Вскоре о трагедии узнал весь базар, а затем и тихий городок. Как свое личное горе восприняли горожане кончину славного земляка. Уже на следующий день состоялись пышные похороны. Но к покойнику допустили прощавшихся лишь за час до выноса тела. Не было и родных Игоря: за неделю до скорбного события они уехали на курорт.
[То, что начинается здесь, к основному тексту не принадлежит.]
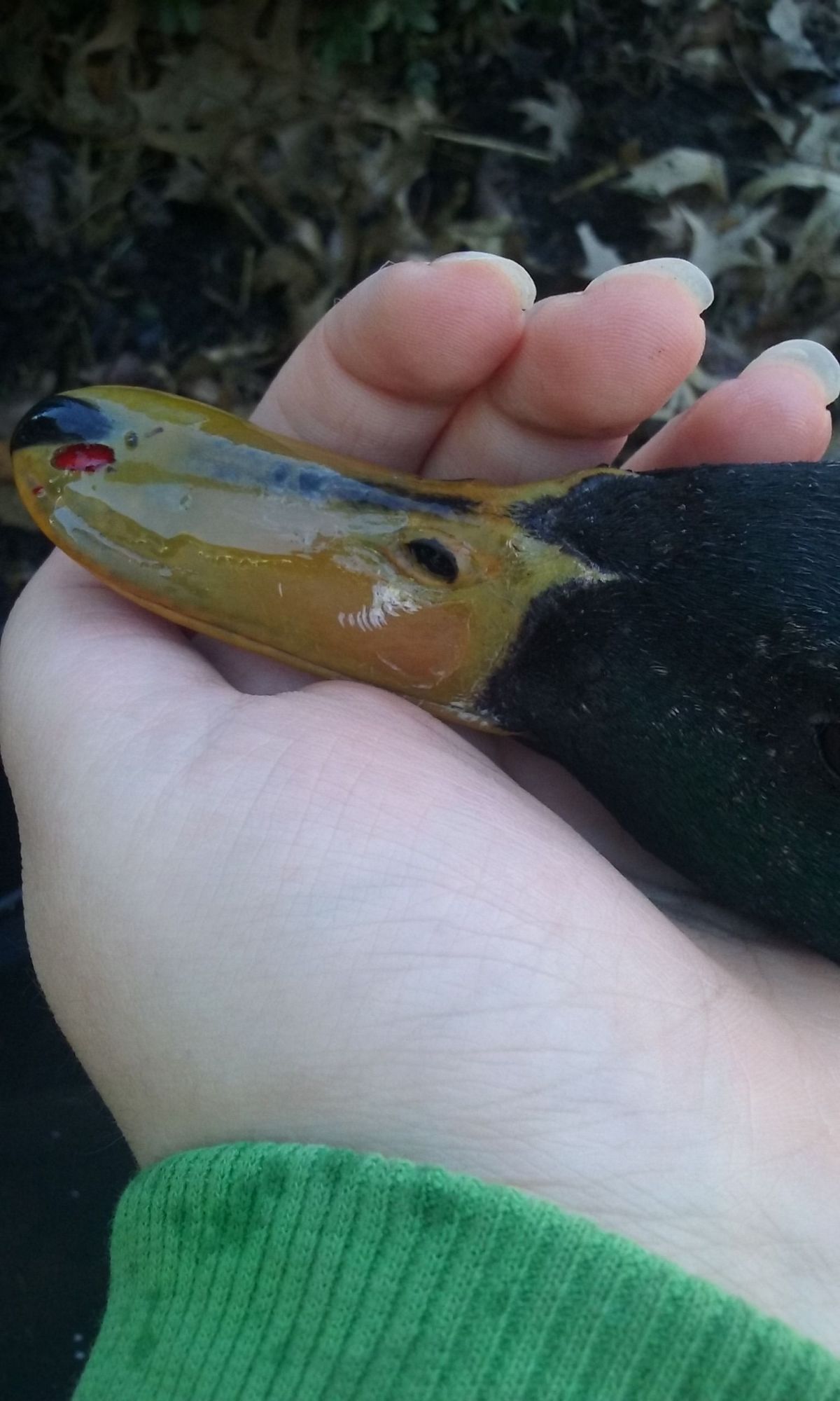 I have a mallard drake that recently sprained his leg so his been staying in his coop to heal. But I went outside to find blood on his hay and his bill bleeding. His coop has chain-link on the outside and chicken wire on behind it(it's for chicks but he needed a coop) so I think he may have gotten it caught on the chicken wire and scraped it. It doesn't look that very serious and he's acting normal but I'm still worried about it. It's that red spot on his bill. Please tell me what I should do about it.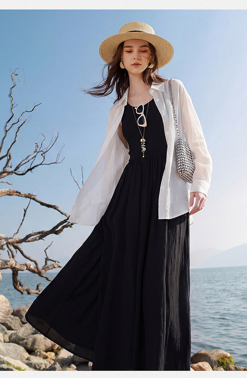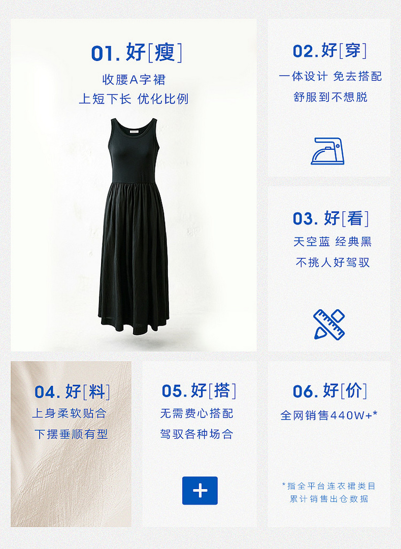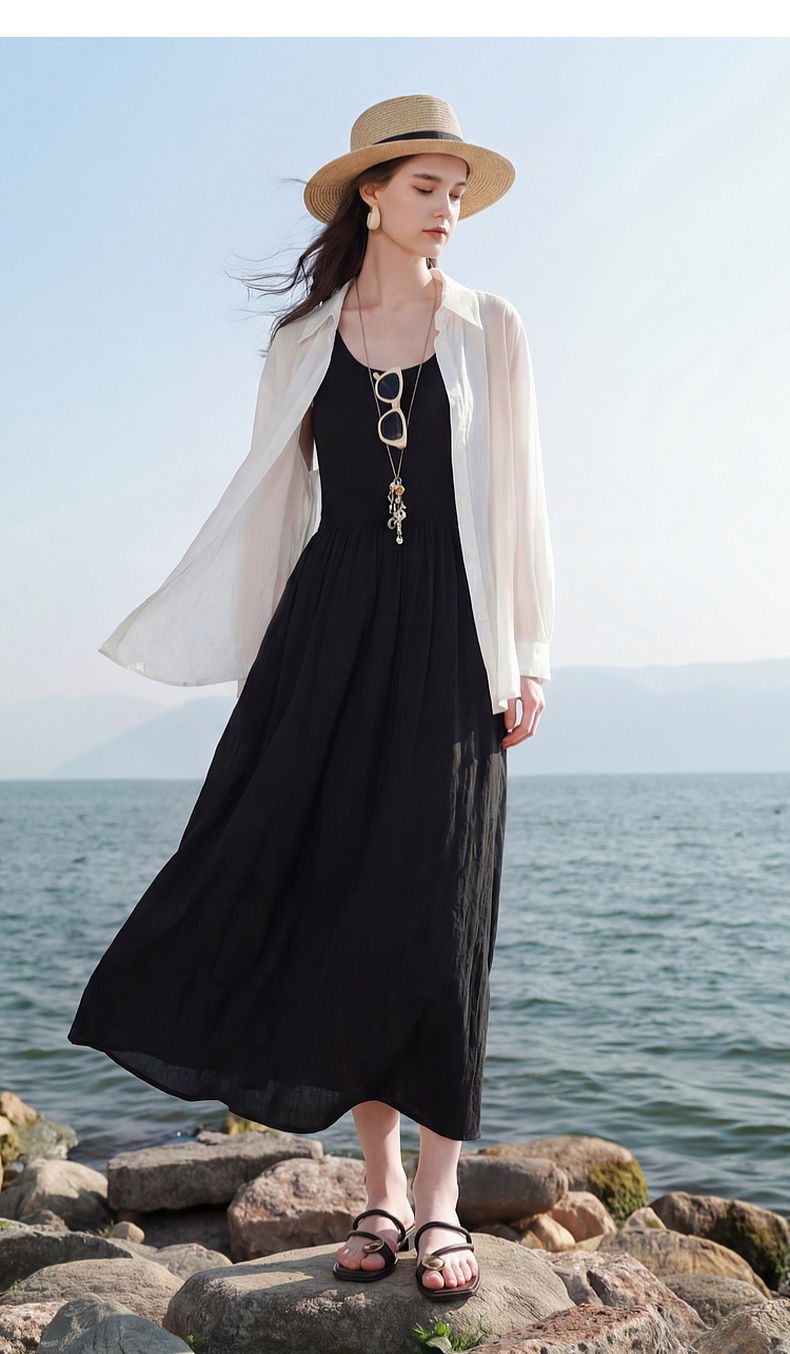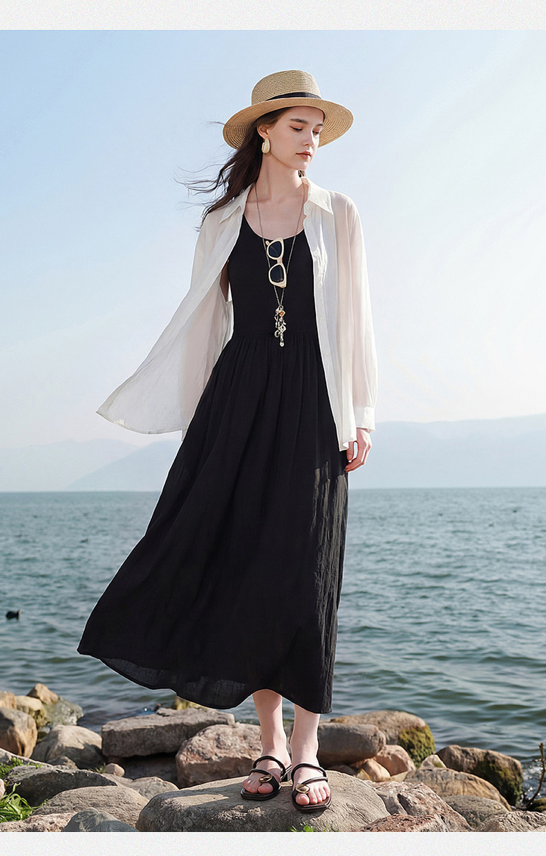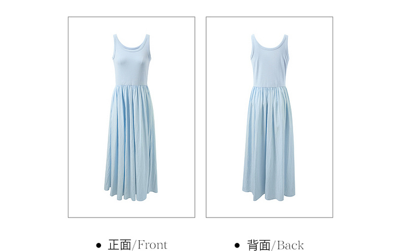 三彩2026夏季新款圆领无袖背心裙休闲连衣裙收腰A字裙长裙Z

- К чему такая спешка? - возмущались горожане. - Не могли хотя бы дождаться близких?
- Жара, уважаемые, - говорили организаторы похорон, товарищи Игоря, помогавшие ему скрашивать в свое время скуку и одиночество. - А по санитарным требованиям нельзя держать покойника долго!
Прощаться пришли очень многие: ковровая дорожка, положенная перед гробом, в короткое время была истоптана чуть ли не до дыр.
- Лежит как живой! - простонала, глядя на любимое некогда лицо, местная почтальонка Зина.
Грянула траурная музыка, гроб сняли со стола и на руках понесли в последний путь героя нашего времени...
До кладбища оставалось совсем немного, когда вдруг в тишине скорбного шествия послышался детский выкрик: - Мама, а дядя Игорь не умер!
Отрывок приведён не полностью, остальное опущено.